Tria Prima

Информация о пользователе

Привет, Гость! Войдите или зарегистрируйтесь.


Вы здесь » Tria Prima » Информация о мире » Зарисовки прошлого


Зарисовки прошлого

Сообщений 1 страница 6 из 6

1

Здесь будут короткие зарисовки, передающие специфику мира, особенности восприятия рас и фракций, и, возможно, являющиеся кусками чьего-то прошлого. Эта информация не для того, чтобы вы могли воспользоваться ею в игре, скорее, для того чтобы поделиться с вами видением мира.
Те, что связаны с персонажами - глубоко субъективны.

0

2

Проклятая осень в проклятом краю...
Чавк-чавк. Омерзительная жидкая грязь, которую сложно было ожидать встретить здесь, в мире камня, неохотно отпускала подошвы. Тяжелые комья на ботинках, на лице, на одежде - тысячи оттенков коричневого и отвратительный звук, повторяющийся вновь и вновь - чавк-чавк. Сознание путается. Проклятое задание. Боль стала нашим третьим, сопровождала нас везде. Мы выполнили свою работу, банда больше не будет совершать диверсии, но какой ценой…
Уже возвращаясь с задания, мы нарвались на засаду. Там осталась большая часть наших. И с каждым чавк-чавк их становилось все меньше.
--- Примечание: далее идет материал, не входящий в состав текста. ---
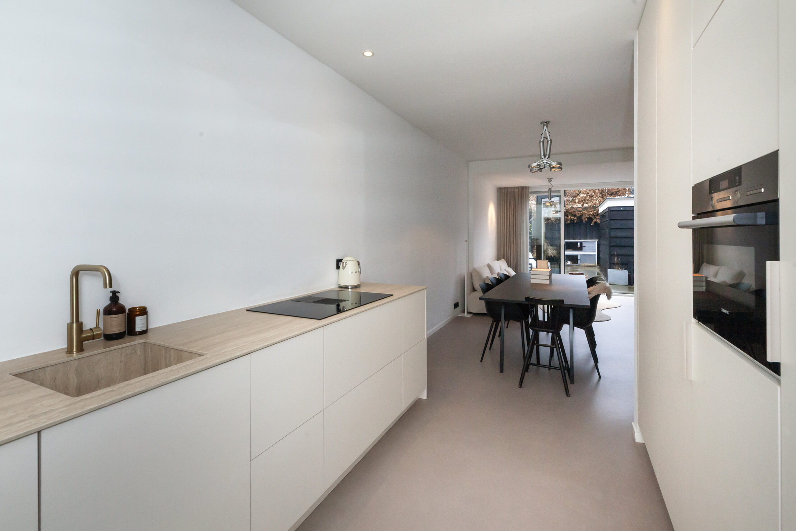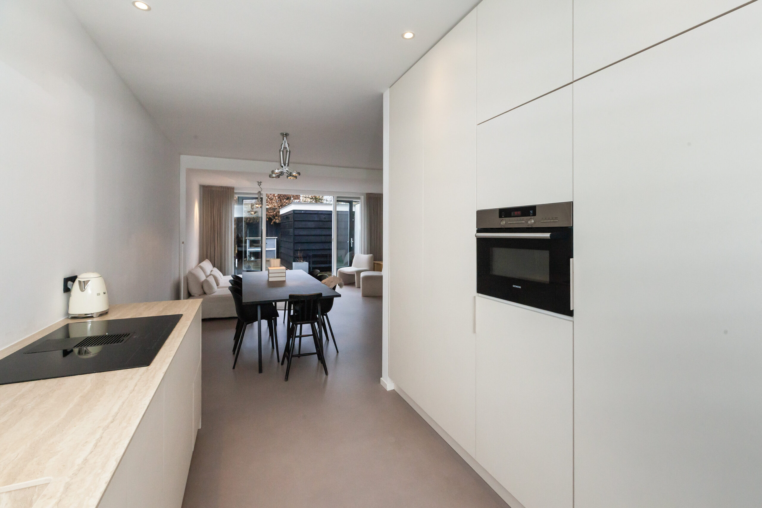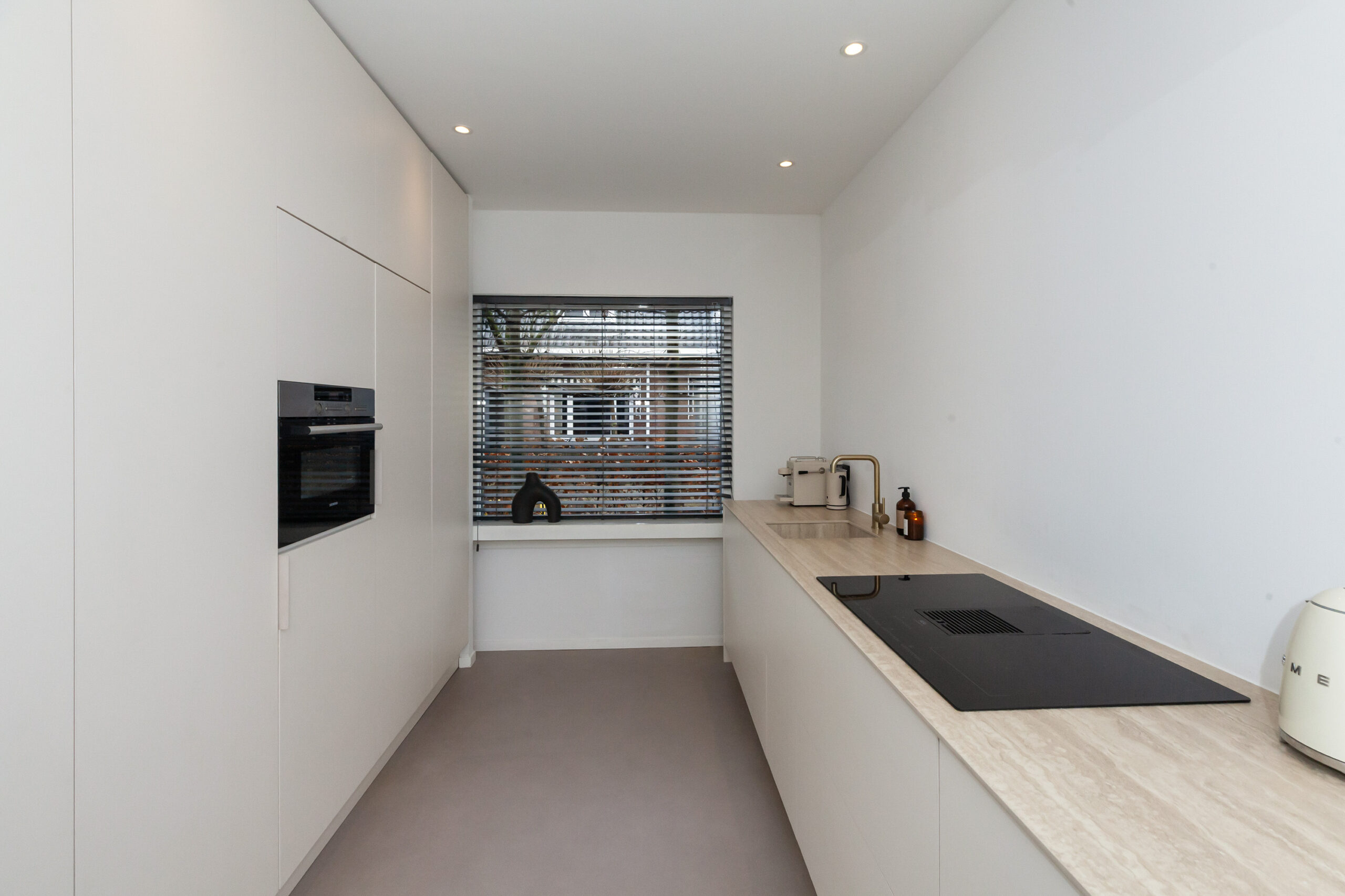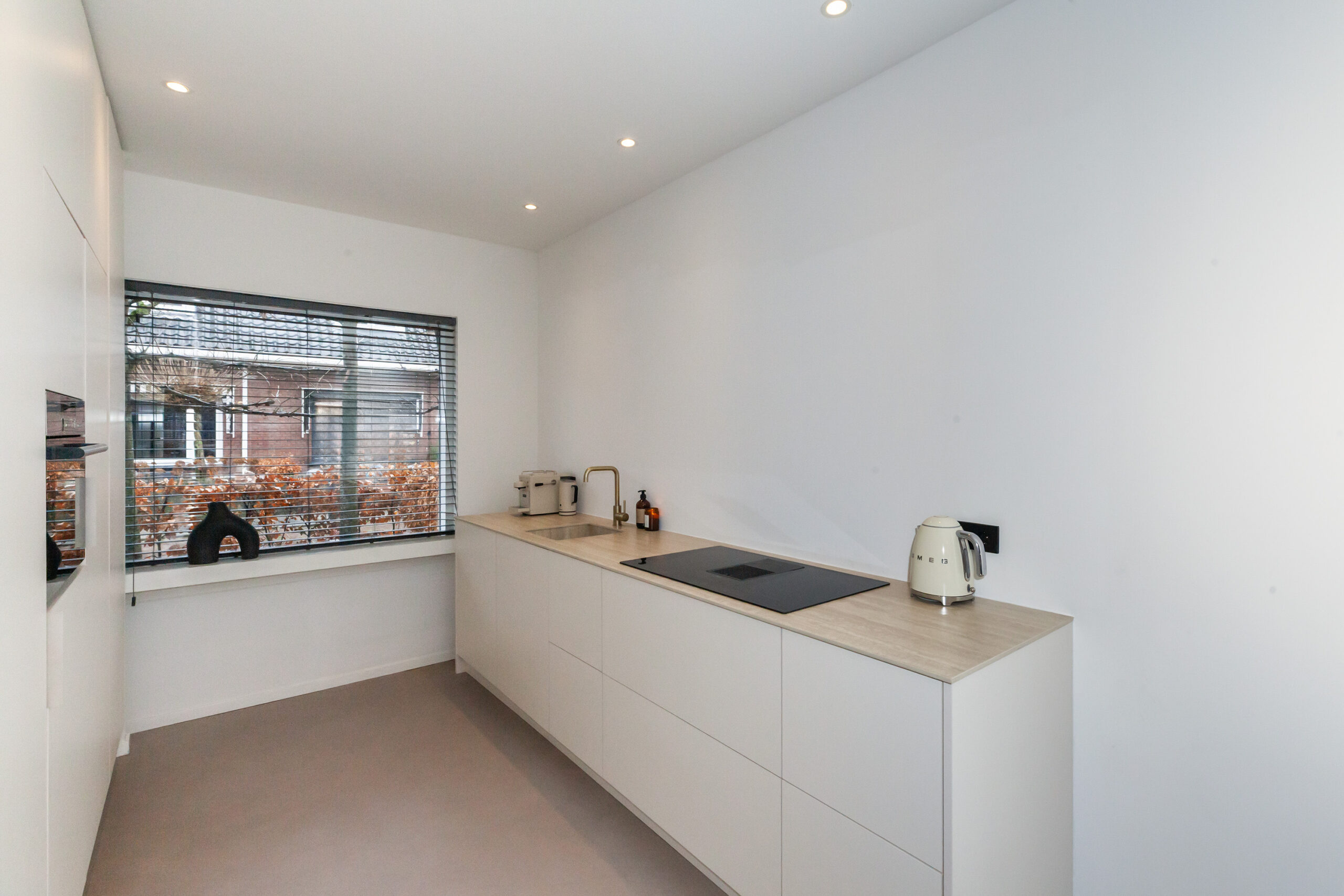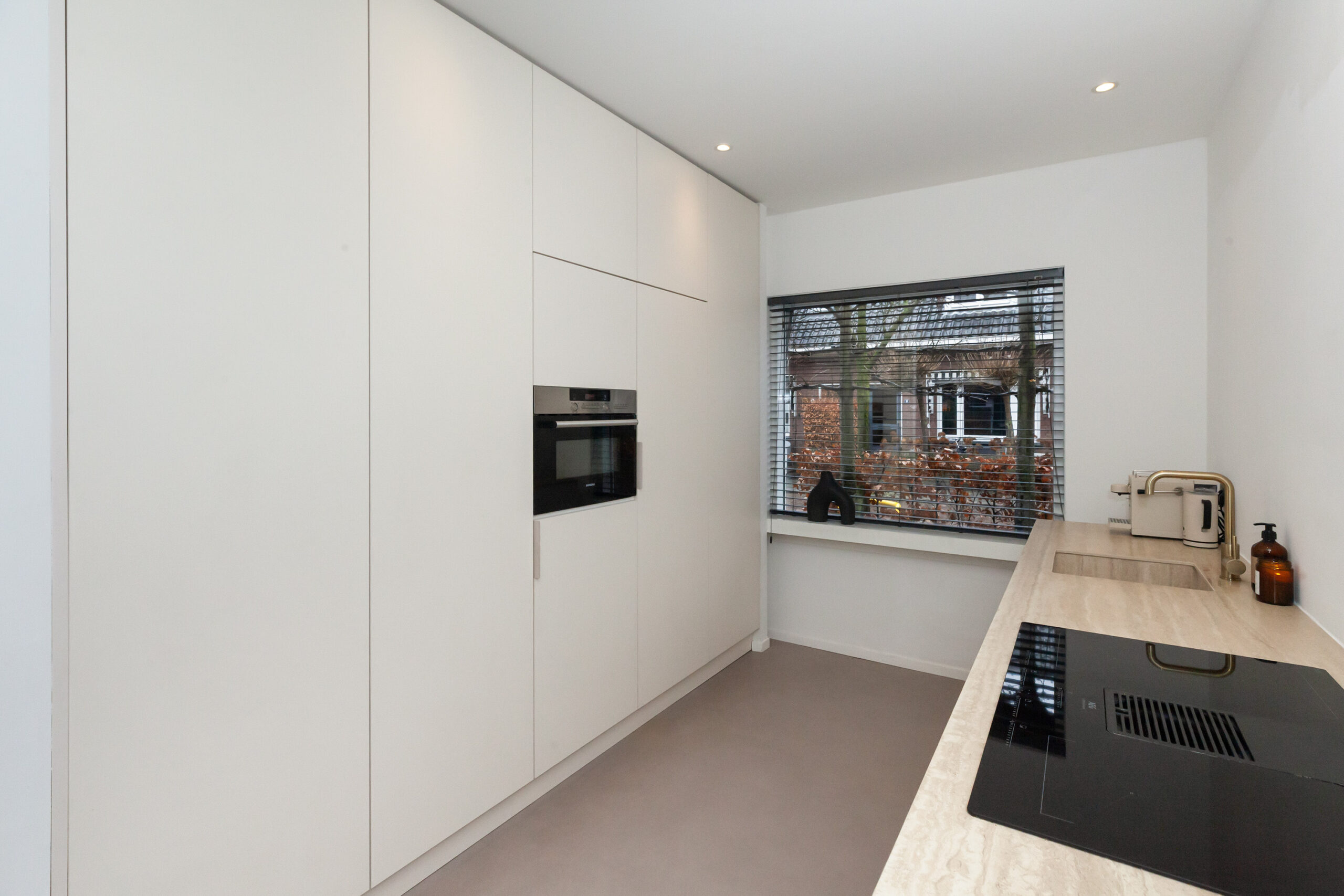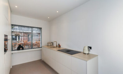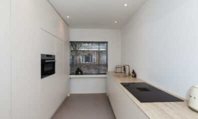 De keuken is in 2023 geplaatst en aan de voorzijde gesitueerd. U kijkt tijdens het kokkerellen leuk weg over de voorgelegen straat. Naast veel opbergruimte in de keukenkastjes is deze keuken compleet uitgevoerd met een inductiekookplaat met recirculatie afzuiging, vaatwasser, koelkast, vriezer en combi-oven.
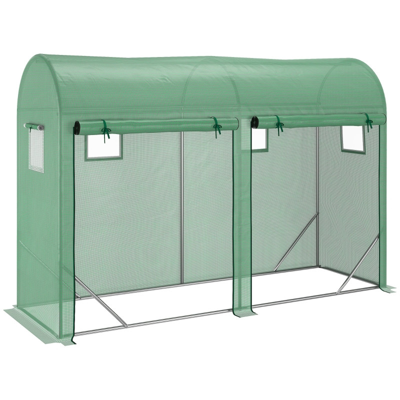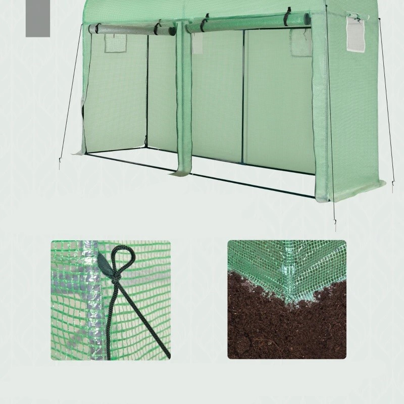 Perfektní volba pro ty, kteří mají rádi zahradničení. Plastový kryt je chráněn proti UV záření, aby rostlinu chránil před škodlivými paprsky. Robustní ocelový rám zajišťuje pevnost a stabilitu. Dvojitá rolovací vrata a 4 okna zajišťují dobrou cirkulaci vzduchu a dostatek slunečního svitu pro zdravý růst vašich rostlin.
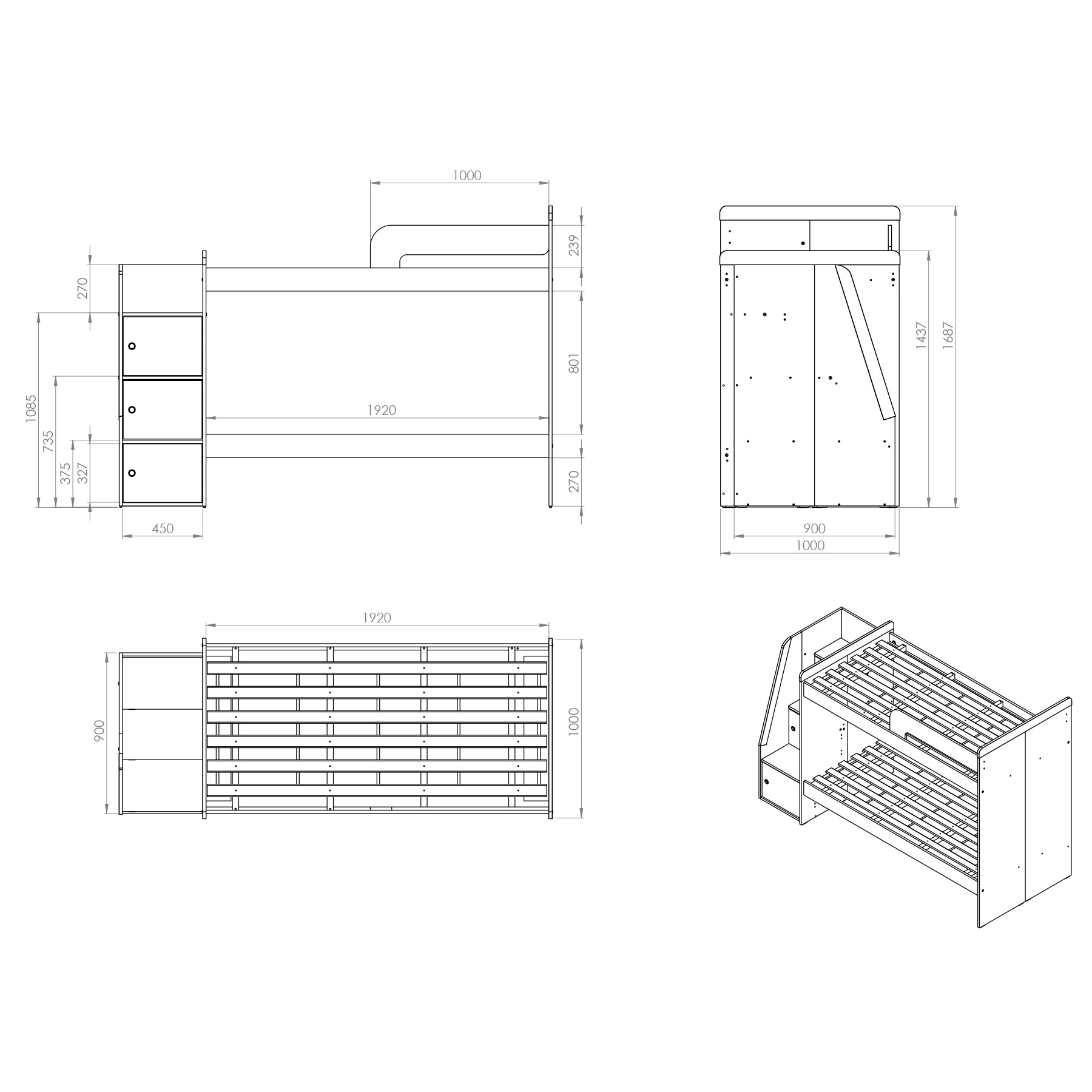 Cama Cucheta con Escalera Lateral. Armado Reversible.

Он идёт, и без того тяжелый, с моим безвольным телом на плече проваливаясь еще глубже. Я хочу сказать ему... Сказать, чтобы бросил меня. Глупо и пафосно, но ведь и впрямь - я не дойду сам, а со мной не дойдет и он. Так быть не должно. Молодые должны жить. Нас осталось только двое.

Молодые... Все они стали ветеранами здесь, в проклятых ущельях Чечни. Все, кто сложили тут головы, те, чьи жетоны сейчас лежат в коробочке в моем нагрудном кармане. Мой жетон тоже должен лечь туда, а Виталик, единственный из тех, кто еще способен идти, должен уходить. Но нет. Чавк-чавк. Берцы 46 размера и бесконечное поле грязи. Это то, что я увижу перед смертью. До точки посадки не дойти, а значит, смерть заберет меня в этой грязи, которая, кажется, пропитала тело насквозь. В момент, когда отчаяние захлестывает с головой, Виталик резко тормозит. Насвистывает, словно идет налегке, похлопывает меня по спине - боль от этого движения растекатеся по телу, я едва слышно могу стонать, а он усмехается:
- Не ссы, комбат. И не от таких уходили, - и мне хочется ему верить, но голоса чехов близко. Он сходит с тропы, звериным движением стряхивая дождь с бритой макушки, и, ведомый чутьем, находит полуразвалившуюся хибару. Здесь когда-то ночевали пастухи, но это было давно. Когда-то, когда эта земля знала ещё хоть что-то, кроме крови, боли и грязи.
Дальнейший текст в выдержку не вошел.